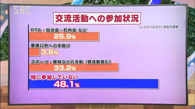 このほか、PTAや町内会、部活動などの交流活動へ「特に参加していない」という人が48.1%と半数近くを占め、年代別では20代と30代で6割から7割に上りました。
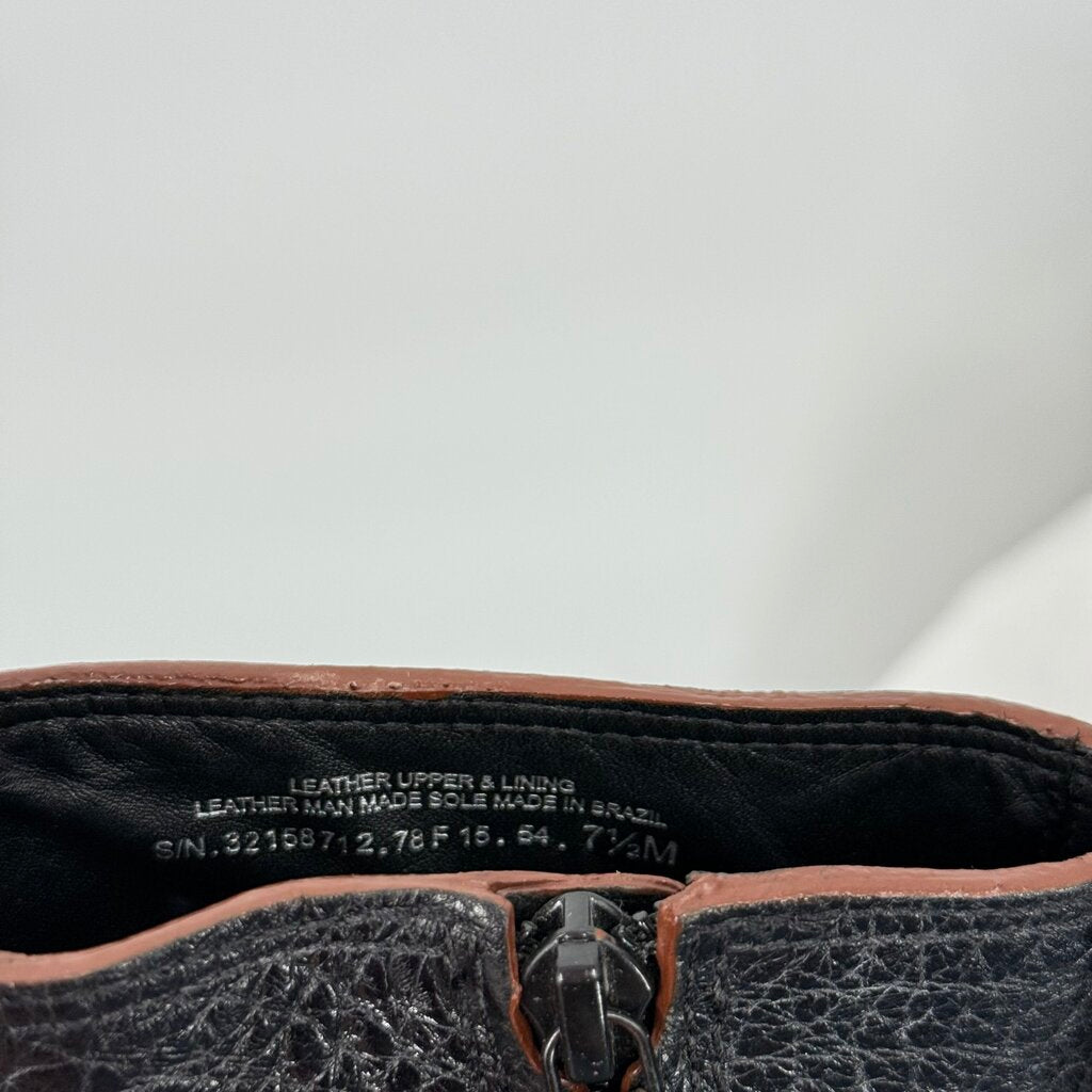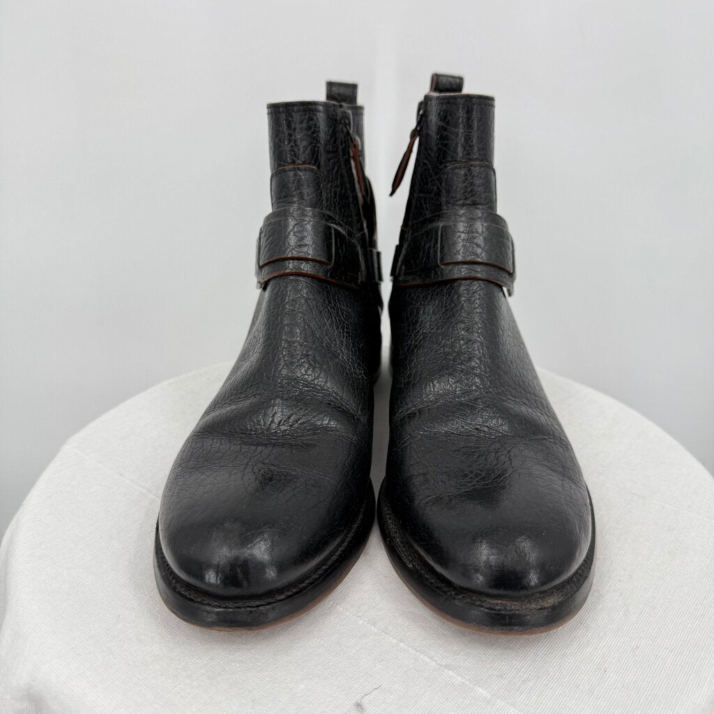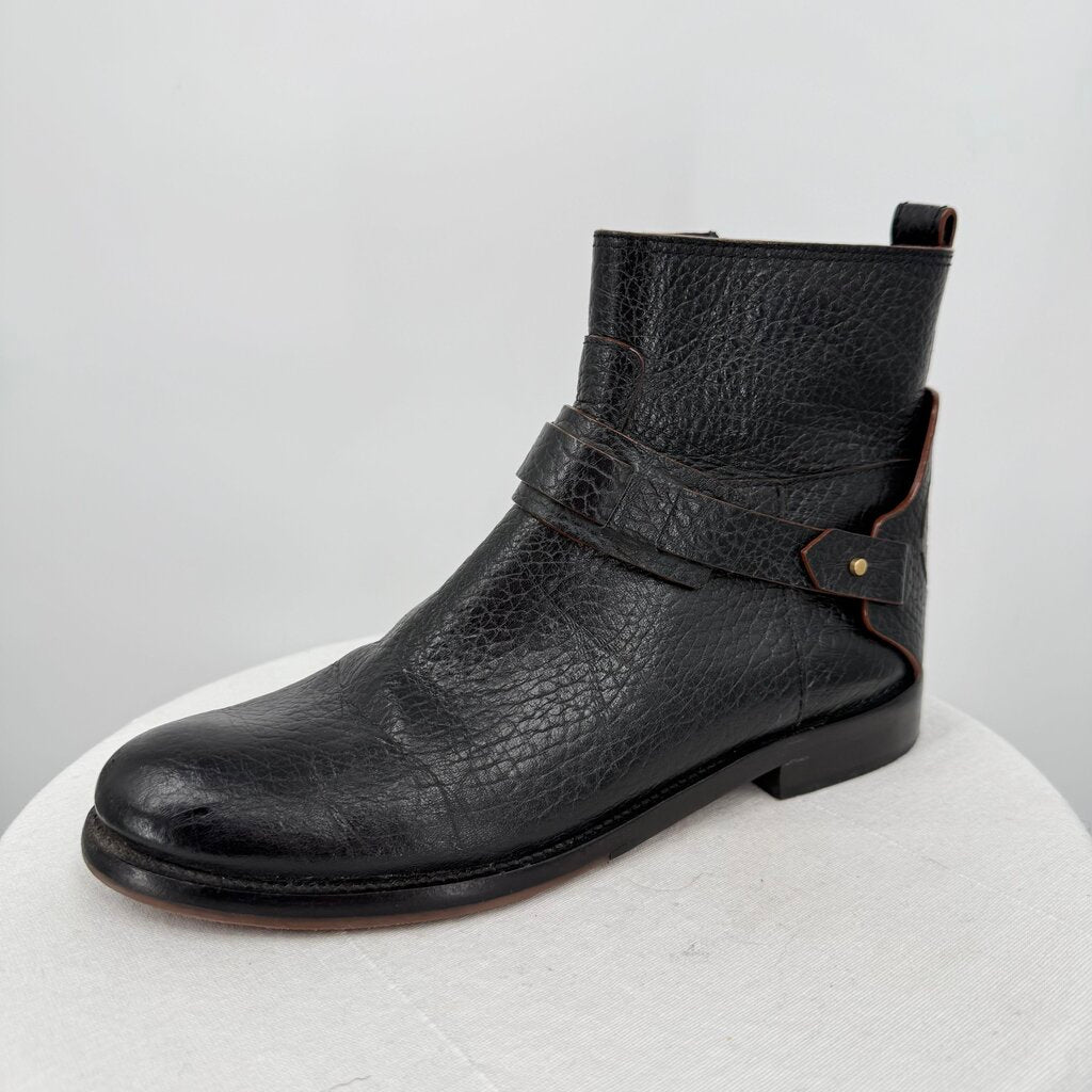 Very good used condition, light wear as seen in photos. Riding-inspired straps and a prominent logo cutout lend classic appeal to a wear-with-everything ankle boot crafted from rich pebbled leather edged in a deep cognac hue.
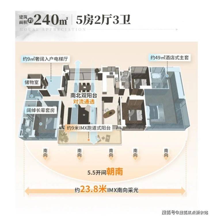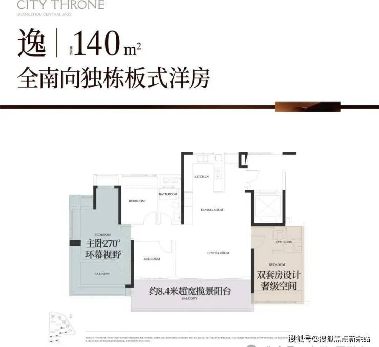 约8.4米南向巨幕阳台,主卧270°飘窗,能最大程度引园景入室。
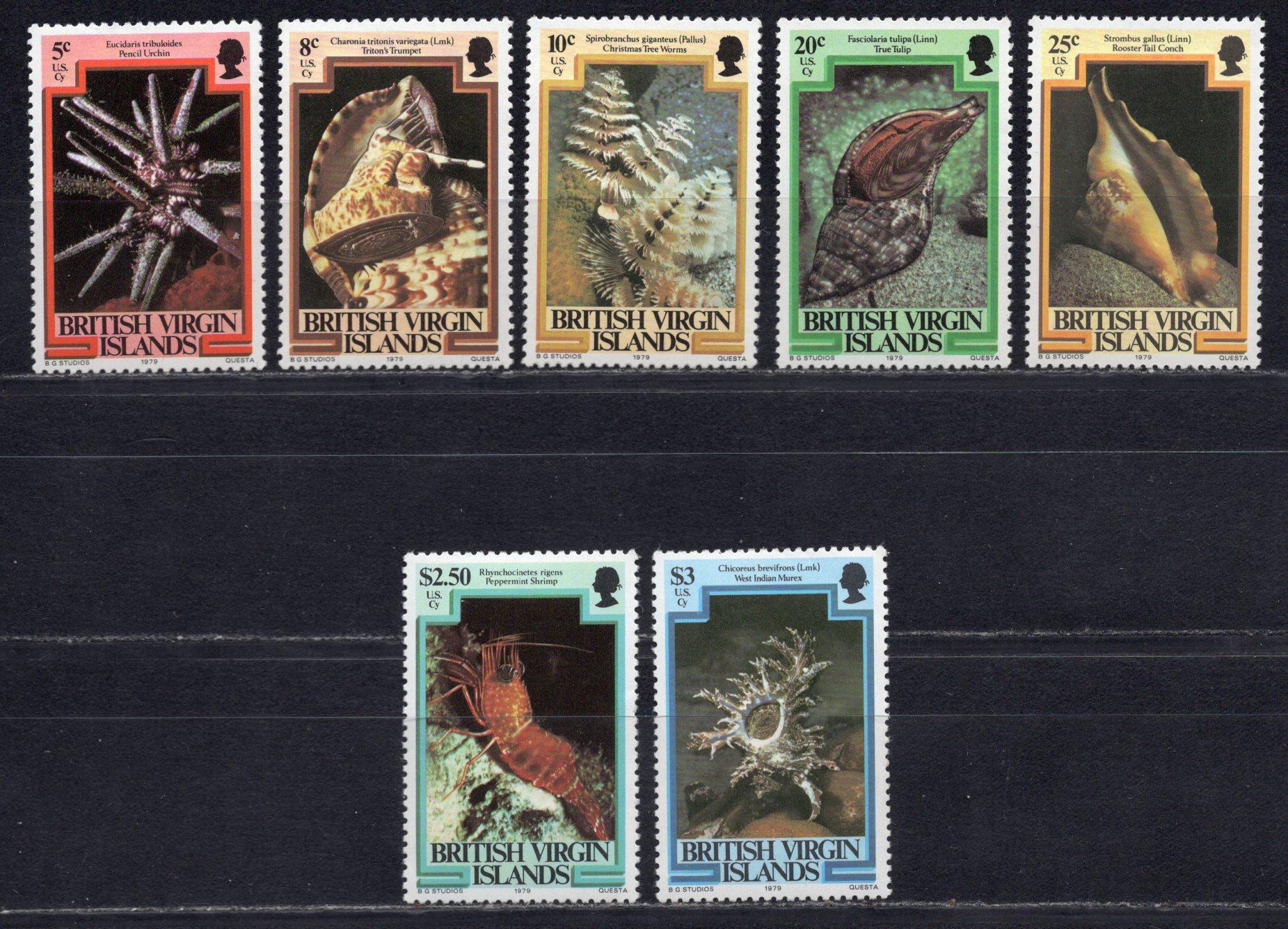 Почтовые марки. Виргинские о-ва, 1979 г. №369-381 (некомплект). Ракушки. Ракообразные. Морская фауна.

> _Goal of the exercise_: An exact retyping of the material, minus the pictures, is the required answer.

> _Output for this task_:
 このほか、PTAや町内会、部活動などの交流活動へ「特に参加していない」という人が48.1%と半数近くを占め、年代別では20代と30代で6割から7割に上りました。
 Very good used condition, light wear as seen in photos. Riding-inspired straps and a prominent logo cutout lend classic appeal to a wear-with-everything ankle boot crafted from rich pebbled leather edged in a deep cognac hue.
 约8.4米南向巨幕阳台,主卧270°飘窗,能最大程度引园景入室。
 Почтовые марки. Виргинские о-ва, 1979 г. №369-381 (некомплект). Ракушки. Ракообразные. Морская фауна.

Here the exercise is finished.